━━ Information

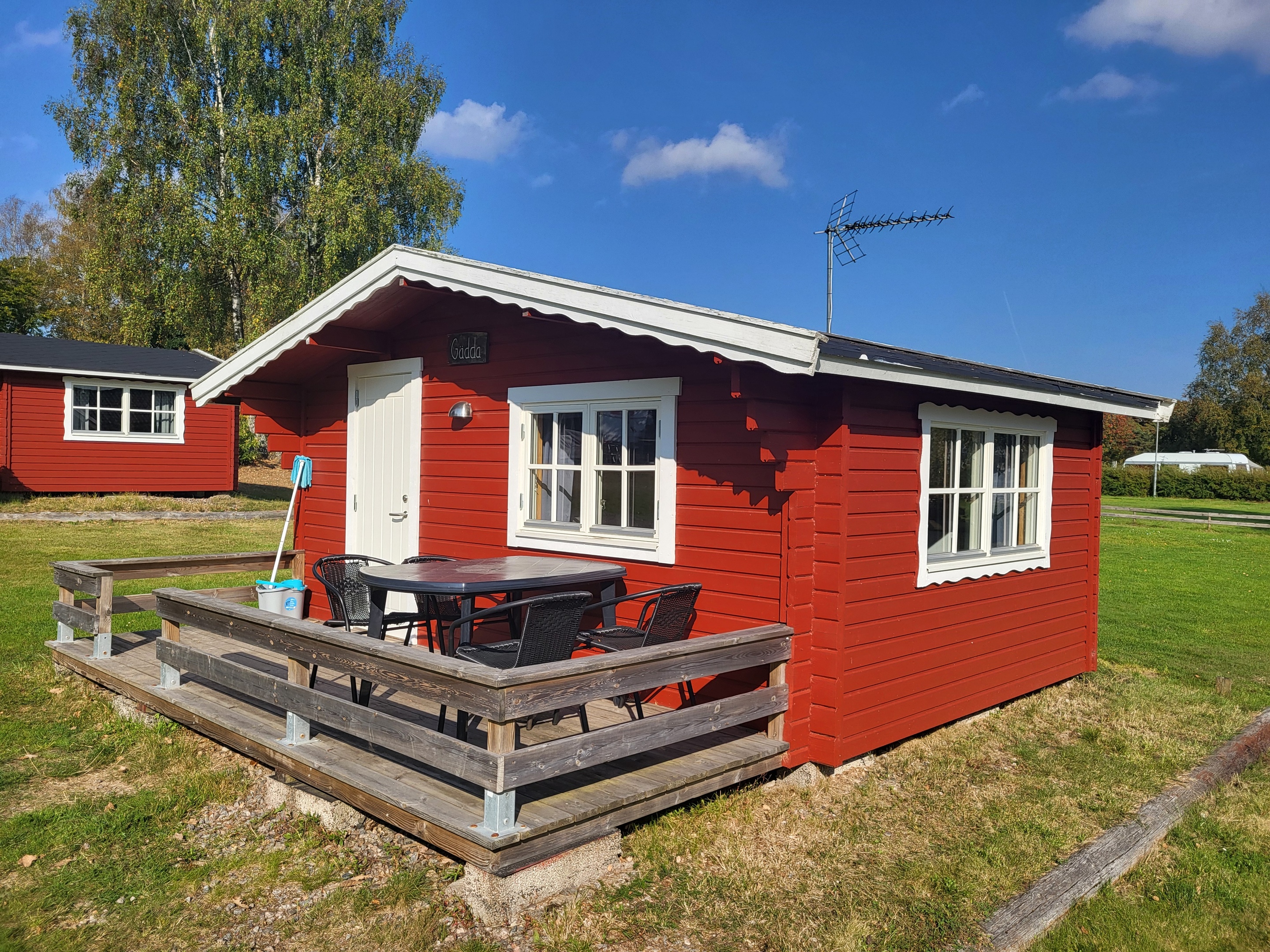 2 self-catering cottages.6 Beds in 2 bedrooms and a loft. In the attic there is a double bed. In one room there is a bunk bed and in the other two single beds. Shower and toilet and fully equipped kitchen.TV and internet.Located about 10 m from the water with patio down to the lake. Pets are allowed.
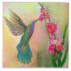 Un colibri iridescent planté d'une fleur. Utilisez cette charmante tuile comme un trivet ou présentez-vous comme une oeuvre d'art.
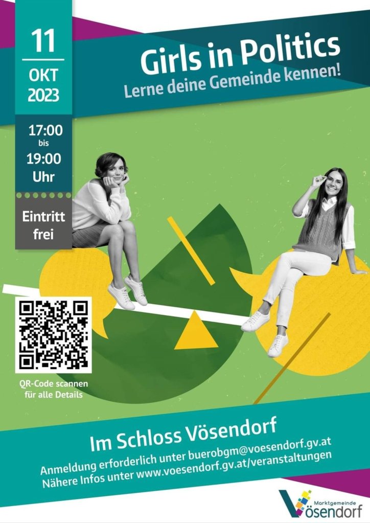 Am 11. Oktober ist der internationale Tag der Mädchen. Und zu diesem Anlass sind alle Vösendorfer Mädchen von 12 bis 18 Jahre eingeladen in den Kommunalpolitik-Alltag reinzuschnuppern. Ich finde das eine ganz tolle Initiative!
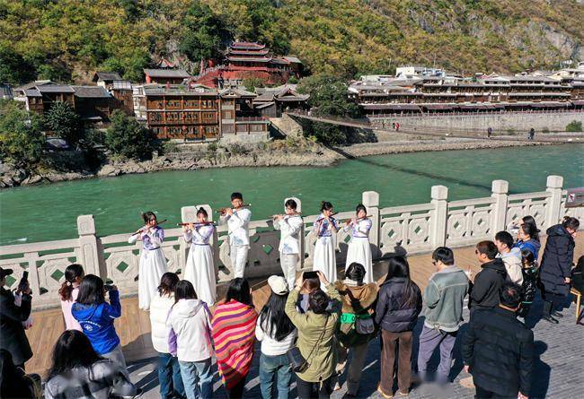 11月19日,文旅志愿服务“五进”活动在甘孜州泸定县泸定桥广场、滨河广场同时举行。此次活动以景区为载体,结合沉浸式演出、非遗项目互动体验,开展面向民族地区的重点文化和旅游志愿服务。
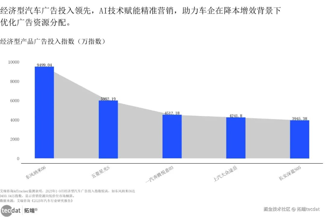 汽车行业广告投入虽同比下降25.4% (2025年1-9月累计31.4亿),但“钱要花在刀刃上”——营销资源加速向移动端集中,百度凭借11亿+移动互联网用户,成为车企的核心投放平台,其PC端、移动端汽车广告主数量均位列前三,AI营销工具(如精准人群定向)可帮车企降低30%的获客成本。头部车企已形成“共识”:减少传统户外广告投入,将60%以上的营销预算投向“移动端+AI工具”,通过AIGC生成个性化内容,精准触达“新能源意向用户”“高端车型用户”等细分圈层。
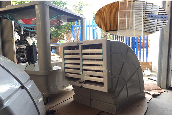 HNY18-B có tên gọi là máy làm mát không khí nhà xưởng được thiết kế với tiện ích tập trung 1 hướng gió. Không khí nhờ quá trình bay hơi nước hấp thụ hơi nóng bên trong máy xuyên qua tấm cooling pad, không khí nóng sẽ được hấp thụ hoàn toàn nhờ diện tích trao đổi nhiệt giữa không khí nóng và hơi nước để trở thành không khí mát.
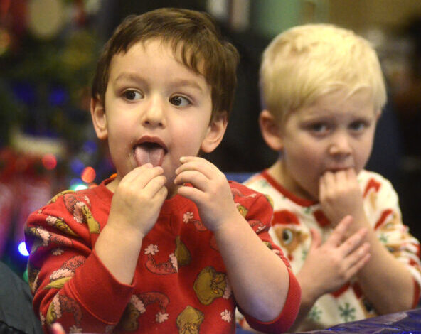 121625…R POLAR EXPRESS 1…Niles…12-16-25…TCBDD pořádá Den Polar Express…Předškoláci Matteo Butto, 3, z Niles, vlevo, a Brenton Wilson, 3, z Mineral Ridge, si olizují prsty po zdobení a konzumaci vánočního cukroví na sváteční akci…od R. Michaela Semplea

━━━━

| Task to carry out |
What is needed is an exact reproduction of the data, pictures excluded.

| Answer section |
 2 self-catering cottages.6 Beds in 2 bedrooms and a loft. In the attic there is a double bed. In one room there is a bunk bed and in the other two single beds. Shower and toilet and fully equipped kitchen.TV and internet.Located about 10 m from the water with patio down to the lake. Pets are allowed.
 Un colibri iridescent planté d'une fleur. Utilisez cette charmante tuile comme un trivet ou présentez-vous comme une oeuvre d'art.
 Am 11. Oktober ist der internationale Tag der Mädchen. Und zu diesem Anlass sind alle Vösendorfer Mädchen von 12 bis 18 Jahre eingeladen in den Kommunalpolitik-Alltag reinzuschnuppern. Ich finde das eine ganz tolle Initiative!
 11月19日,文旅志愿服务“五进”活动在甘孜州泸定县泸定桥广场、滨河广场同时举行。此次活动以景区为载体,结合沉浸式演出、非遗项目互动体验,开展面向民族地区的重点文化和旅游志愿服务。
 汽车行业广告投入虽同比下降25.4% (2025年1-9月累计31.4亿),但“钱要花在刀刃上”——营销资源加速向移动端集中,百度凭借11亿+移动互联网用户,成为车企的核心投放平台,其PC端、移动端汽车广告主数量均位列前三,AI营销工具(如精准人群定向)可帮车企降低30%的获客成本。头部车企已形成“共识”:减少传统户外广告投入,将60%以上的营销预算投向“移动端+AI工具”,通过AIGC生成个性化内容,精准触达“新能源意向用户”“高端车型用户”等细分圈层。
 HNY18-B có tên gọi là máy làm mát không khí nhà xưởng được thiết kế với tiện ích tập trung 1 hướng gió. Không khí nhờ quá trình bay hơi nước hấp thụ hơi nóng bên trong máy xuyên qua tấm cooling pad, không khí nóng sẽ được hấp thụ hoàn toàn nhờ diện tích trao đổi nhiệt giữa không khí nóng và hơi nước để trở thành không khí mát.
 121625…R POLAR EXPRESS 1…Niles…12-16-25…TCBDD pořádá Den Polar Express…Předškoláci Matteo Butto, 3, z Niles, vlevo, a Brenton Wilson, 3, z Mineral Ridge, si olizují prsty po zdobení a konzumaci vánočního cukroví na sváteční akci…od R. Michaela Semplea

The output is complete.